Nommée Brookesia nofy, la nouvelle espèce appartenant au sous-genre Evoluticauda mesure moins de 33 mm de long, du museau à la pointe de la queue. Placé sur un doigt, le spécimen mâle ne fait même pas la longueur des deux phalanges. Les analyses conjointes réalisées par l’actuelle mention “zoologie et biodiversité animale” à l’université d’Antananarivo et la Technical University Braunschweig en Allemagne ont établi la liste des traits distinctifs du nouveau caméléon.

Le petit reptile se distingue par une série de caractères morphologiques. Par exemple, outre la taille réduite (32,8 mm pour le mâle), l’absence d’épines latérales ou dorsales sur la queue de la B. nofy sp. nov. est remarquable.

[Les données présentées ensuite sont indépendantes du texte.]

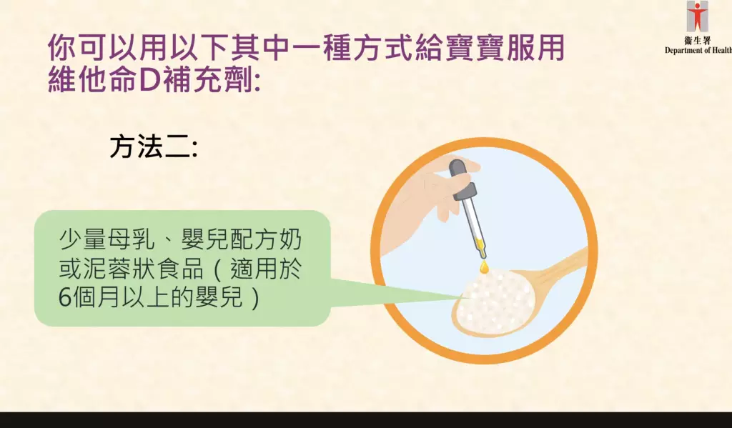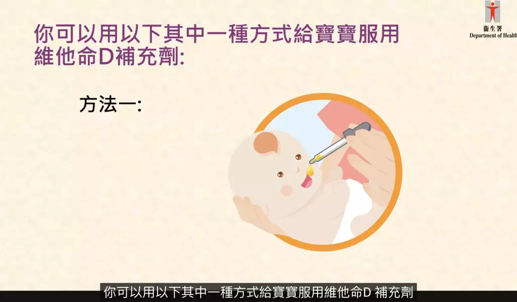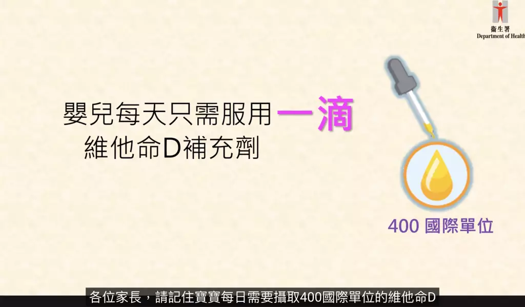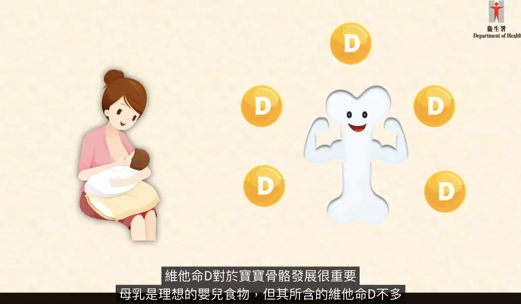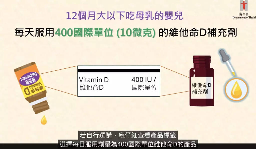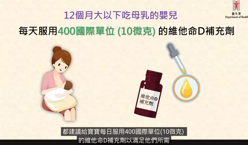 衞生署表示,母乳是嬰兒最理想的食物,但其所含的維他命D未必足夠滿足嬰兒需求。由於12個月大以下的嬰兒應避免直接照射陽光,為預防缺乏維他命D,署方專家工作小組建議,以母乳餵哺(包括全母乳及混合 餵哺)的嬰兒,由出生至12個月大,每天應服用400國際單位(10微克)的維他命D補充劑。
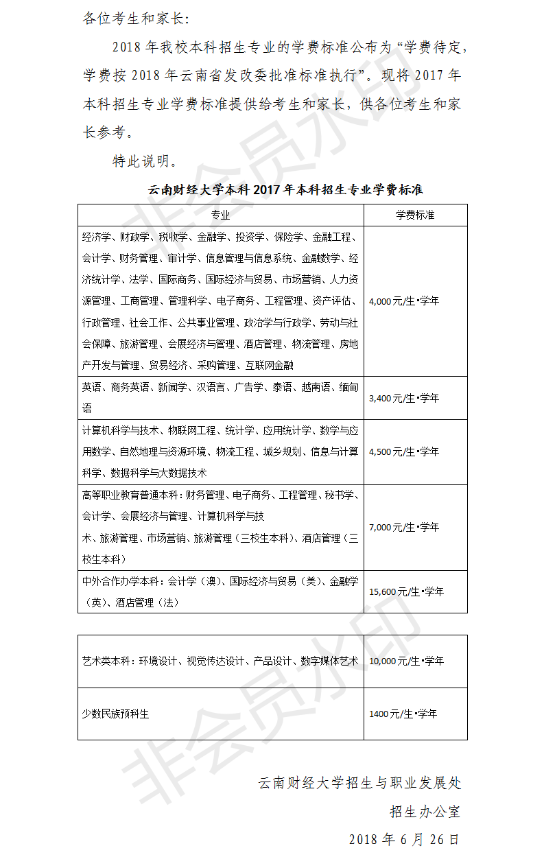 云南财经大学2018年本科招生专业学费标准说明

Les scientifiques notent l’absence de bouclier pelvien dorsal dans la zone du sacrum et la présence d’une épine pelvienne distincte. Le caméléon a aussi un hémipénis – un des deux organes copulatoires reproducteurs des squamates mâles (une catégorie de reptiles) – sous forme globulaire sans ornementation évidente, ce qui est différent de celui des autres petits caméléons.
La découverte est parti d’une rencontre fortuite des visiteurs curieux avec le petit animal. En raison de la richesse faunistique et floristique de Vohibola, mais aussi de la difficulté d’accès de la zone, les espèces qui y vivent ne sont pas encore toutes identifiées. Elle attire quand même en moyenne annuellement 200 visiteurs internationaux, en dehors des nationaux tombés sous le charme de sa beauté.
Les visiteurs s’y rendent principalement par bateaux en empruntant le Canal des Pangalanes (485 km), parallèle à l’océan Indien et encore plus long que le canal du Suez ou celui de Panama. En 2021, des touristes ont posté sur les réseaux sociaux des photos du caméléon sans savoir qu’ils ont été en présence d’un animal jamais décrit par la science.
Ceci a poussé les chercheurs intéressés à se rendre sur le site indiqué à la rencontre du petit animal, afin de procéder à la collecte de données et à des prélèvements sur l’animal, avec l’autorisation gouvernementale. Leur descente sur le terrain a eu lieu en septembre 2023.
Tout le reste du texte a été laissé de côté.